On 8/23/21 6:25 AM, Mike Rapoport wrote:
> void ___pte_free_tlb(struct mmu_gather *tlb, struct page *pte)
> {
> + enable_pgtable_write(page_address(pte));
> pgtable_pte_page_dtor(pte);
> paravirt_release_pte(page_to_pfn(pte));
> paravirt_tlb_remove_table(tlb, pte);
> @@ -69,6 +73,7 @@ void ___pmd_free_tlb(struct mmu_gather *tlb, pmd_t *pmd)
> #ifdef CONFIG_X86_PAE
> tlb->need_flush_all = 1;
> #endif
> + enable_pgtable_write(pmd);
> pgtable_pmd_page_dtor(page);
> paravirt_tlb_remove_table(tlb, page);
> }

I would expected this to have leveraged the pte_offset_map/unmap() code
to enable/disable write access. Granted, it would enable write access
even when only a read is needed, but that could be trivially fixed with
having a variant like:

pte_offset_map_write()
pte_offset_unmap_write()

in addition to the existing (presumably read-only) versions:

pte_offset_map()
pte_offset_unmap()

Although those only work for the leaf levels, it seems a shame not to to
use them.

I'm also cringing a bit at hacking this into the page allocator.

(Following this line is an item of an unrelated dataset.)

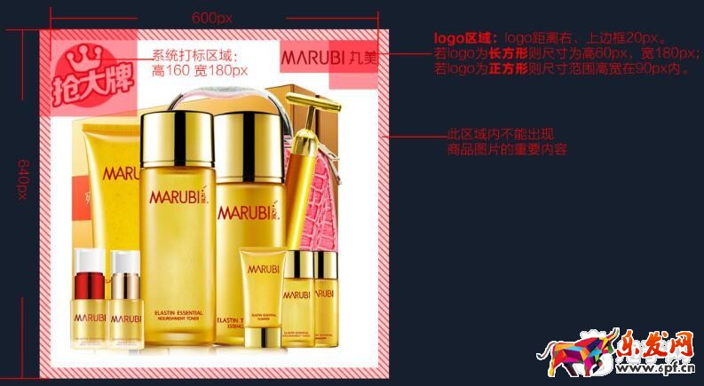 品牌商品,右上角必須放置品牌logo,logo區(qū)域距離右,上邊框?yàn)?0px。

A
*lot* of what you're trying to do with getting large allocations out and
splitting them up is done very well today by the slab allocators. It
might take some rearrangement of 'struct page' metadata to be more slab
friendly, but it does seem like a close enough fit to warrant investigating.